- THE TASK
Word for word, retype every entry in the listing.

- RECORDED INFORMATION
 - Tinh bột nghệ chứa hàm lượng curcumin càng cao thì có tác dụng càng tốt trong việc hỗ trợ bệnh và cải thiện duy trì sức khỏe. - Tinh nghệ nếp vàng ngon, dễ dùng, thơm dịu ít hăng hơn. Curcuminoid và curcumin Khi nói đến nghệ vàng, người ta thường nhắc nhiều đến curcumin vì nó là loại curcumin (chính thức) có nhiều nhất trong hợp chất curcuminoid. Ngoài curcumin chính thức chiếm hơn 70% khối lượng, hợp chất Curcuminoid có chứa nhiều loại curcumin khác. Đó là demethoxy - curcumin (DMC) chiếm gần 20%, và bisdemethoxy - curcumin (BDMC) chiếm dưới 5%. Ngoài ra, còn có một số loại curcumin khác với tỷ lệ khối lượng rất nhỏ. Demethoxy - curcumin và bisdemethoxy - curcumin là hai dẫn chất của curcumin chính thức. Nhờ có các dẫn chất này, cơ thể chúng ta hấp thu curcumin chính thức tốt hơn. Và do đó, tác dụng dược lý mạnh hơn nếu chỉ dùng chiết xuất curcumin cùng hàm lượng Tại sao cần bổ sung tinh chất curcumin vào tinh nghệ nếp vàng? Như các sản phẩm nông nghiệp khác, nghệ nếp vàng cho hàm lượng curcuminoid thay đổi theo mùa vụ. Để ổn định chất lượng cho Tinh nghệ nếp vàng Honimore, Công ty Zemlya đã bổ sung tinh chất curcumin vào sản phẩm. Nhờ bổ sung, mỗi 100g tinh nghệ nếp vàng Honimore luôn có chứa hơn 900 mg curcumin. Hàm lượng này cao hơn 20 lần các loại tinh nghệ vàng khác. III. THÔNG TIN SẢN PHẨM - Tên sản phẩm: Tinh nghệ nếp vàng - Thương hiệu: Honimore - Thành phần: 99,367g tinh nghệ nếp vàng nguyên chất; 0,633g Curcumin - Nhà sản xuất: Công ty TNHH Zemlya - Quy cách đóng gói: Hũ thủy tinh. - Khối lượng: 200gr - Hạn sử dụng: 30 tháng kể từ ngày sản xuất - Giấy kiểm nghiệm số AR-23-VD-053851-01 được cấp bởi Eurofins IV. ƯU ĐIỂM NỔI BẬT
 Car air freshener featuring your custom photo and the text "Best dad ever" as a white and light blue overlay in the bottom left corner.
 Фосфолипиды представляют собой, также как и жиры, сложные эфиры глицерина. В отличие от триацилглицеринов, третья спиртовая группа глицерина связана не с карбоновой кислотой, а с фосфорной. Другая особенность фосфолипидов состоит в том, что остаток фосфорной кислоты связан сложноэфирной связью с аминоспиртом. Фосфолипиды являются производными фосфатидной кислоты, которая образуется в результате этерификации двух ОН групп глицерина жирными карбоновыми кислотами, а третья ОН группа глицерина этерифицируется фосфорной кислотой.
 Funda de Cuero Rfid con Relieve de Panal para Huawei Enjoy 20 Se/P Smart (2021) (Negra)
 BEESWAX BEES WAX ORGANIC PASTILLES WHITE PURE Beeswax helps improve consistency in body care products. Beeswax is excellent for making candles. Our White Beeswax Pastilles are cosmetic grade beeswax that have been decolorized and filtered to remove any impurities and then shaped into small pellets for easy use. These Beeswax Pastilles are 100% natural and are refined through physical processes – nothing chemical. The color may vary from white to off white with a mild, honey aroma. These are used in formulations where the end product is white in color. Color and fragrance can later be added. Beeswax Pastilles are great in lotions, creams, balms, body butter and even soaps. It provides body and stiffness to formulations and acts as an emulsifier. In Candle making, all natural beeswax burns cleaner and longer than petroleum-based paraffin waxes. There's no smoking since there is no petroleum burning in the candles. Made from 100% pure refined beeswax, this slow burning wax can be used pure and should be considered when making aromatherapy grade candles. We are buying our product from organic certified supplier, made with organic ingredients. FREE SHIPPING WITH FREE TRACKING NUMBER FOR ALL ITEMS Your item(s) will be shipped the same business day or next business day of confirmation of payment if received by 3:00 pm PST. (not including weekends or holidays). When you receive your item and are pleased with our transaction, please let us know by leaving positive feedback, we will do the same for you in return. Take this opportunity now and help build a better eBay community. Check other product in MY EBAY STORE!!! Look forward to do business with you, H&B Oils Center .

- ANSWER TO THIS EXERCISE
 - Tinh bột nghệ chứa hàm lượng curcumin càng cao thì có tác dụng càng tốt trong việc hỗ trợ bệnh và cải thiện duy trì sức khỏe. - Tinh nghệ nếp vàng ngon, dễ dùng, thơm dịu ít hăng hơn. Curcuminoid và curcumin Khi nói đến nghệ vàng, người ta thường nhắc nhiều đến curcumin vì nó là loại curcumin (chính thức) có nhiều nhất trong hợp chất curcuminoid. Ngoài curcumin chính thức chiếm hơn 70% khối lượng, hợp chất Curcuminoid có chứa nhiều loại curcumin khác. Đó là demethoxy - curcumin (DMC) chiếm gần 20%, và bisdemethoxy - curcumin (BDMC) chiếm dưới 5%. Ngoài ra, còn có một số loại curcumin khác với tỷ lệ khối lượng rất nhỏ. Demethoxy - curcumin và bisdemethoxy - curcumin là hai dẫn chất của curcumin chính thức. Nhờ có các dẫn chất này, cơ thể chúng ta hấp thu curcumin chính thức tốt hơn. Và do đó, tác dụng dược lý mạnh hơn nếu chỉ dùng chiết xuất curcumin cùng hàm lượng Tại sao cần bổ sung tinh chất curcumin vào tinh nghệ nếp vàng? Như các sản phẩm nông nghiệp khác, nghệ nếp vàng cho hàm lượng curcuminoid thay đổi theo mùa vụ. Để ổn định chất lượng cho Tinh nghệ nếp vàng Honimore, Công ty Zemlya đã bổ sung tinh chất curcumin vào sản phẩm. Nhờ bổ sung, mỗi 100g tinh nghệ nếp vàng Honimore luôn có chứa hơn 900 mg curcumin. Hàm lượng này cao hơn 20 lần các loại tinh nghệ vàng khác. III. THÔNG TIN SẢN PHẨM - Tên sản phẩm: Tinh nghệ nếp vàng - Thương hiệu: Honimore - Thành phần: 99,367g tinh nghệ nếp vàng nguyên chất; 0,633g Curcumin - Nhà sản xuất: Công ty TNHH Zemlya - Quy cách đóng gói: Hũ thủy tinh. - Khối lượng: 200gr - Hạn sử dụng: 30 tháng kể từ ngày sản xuất - Giấy kiểm nghiệm số AR-23-VD-053851-01 được cấp bởi Eurofins IV. ƯU ĐIỂM NỔI BẬT
 Car air freshener featuring your custom photo and the text "Best dad ever" as a white and light blue overlay in the bottom left corner.
 Фосфолипиды представляют собой, также как и жиры, сложные эфиры глицерина. В отличие от триацилглицеринов, третья спиртовая группа глицерина связана не с карбоновой кислотой, а с фосфорной. Другая особенность фосфолипидов состоит в том, что остаток фосфорной кислоты связан сложноэфирной связью с аминоспиртом. Фосфолипиды являются производными фосфатидной кислоты, которая образуется в результате этерификации двух ОН групп глицерина жирными карбоновыми кислотами, а третья ОН группа глицерина этерифицируется фосфорной кислотой.
 Funda de Cuero Rfid con Relieve de Panal para Huawei Enjoy 20 Se/P Smart (2021) (Negra)
 BEESWAX BEES WAX ORGANIC PASTILLES WHITE PURE Beeswax helps improve consistency in body care products. Beeswax is excellent for making candles. Our White Beeswax Pastilles are cosmetic grade beeswax that have been decolorized and filtered to remove any impurities and then shaped into small pellets for easy use. These Beeswax Pastilles are 100% natural and are refined through physical processes – nothing chemical. The color may vary from white to off white with a mild, honey aroma. These are used in formulations where the end product is white in color. Color and fragrance can later be added. Beeswax Pastilles are great in lotions, creams, balms, body butter and even soaps. It provides body and stiffness to formulations and acts as an emulsifier. In Candle making, all natural beeswax burns cleaner and longer than petroleum-based paraffin waxes. There's no smoking since there is no petroleum burning in the candles. Made from 100% pure refined beeswax, this slow burning wax can be used pure and should be considered when making aromatherapy grade candles. We are buying our product from organic certified supplier, made with organic ingredients. FREE SHIPPING WITH FREE TRACKING NUMBER FOR ALL ITEMS Your item(s) will be shipped the same business day or next business day of confirmation of payment if received by 3:00 pm PST. (not including weekends or holidays). When you receive your item and are pleased with our transaction, please let us know by leaving positive feedback, we will do the same for you in return. Take this opportunity now and help build a better eBay community. Check other product in MY EBAY STORE!!! Look forward to do business with you, H&B Oils Center .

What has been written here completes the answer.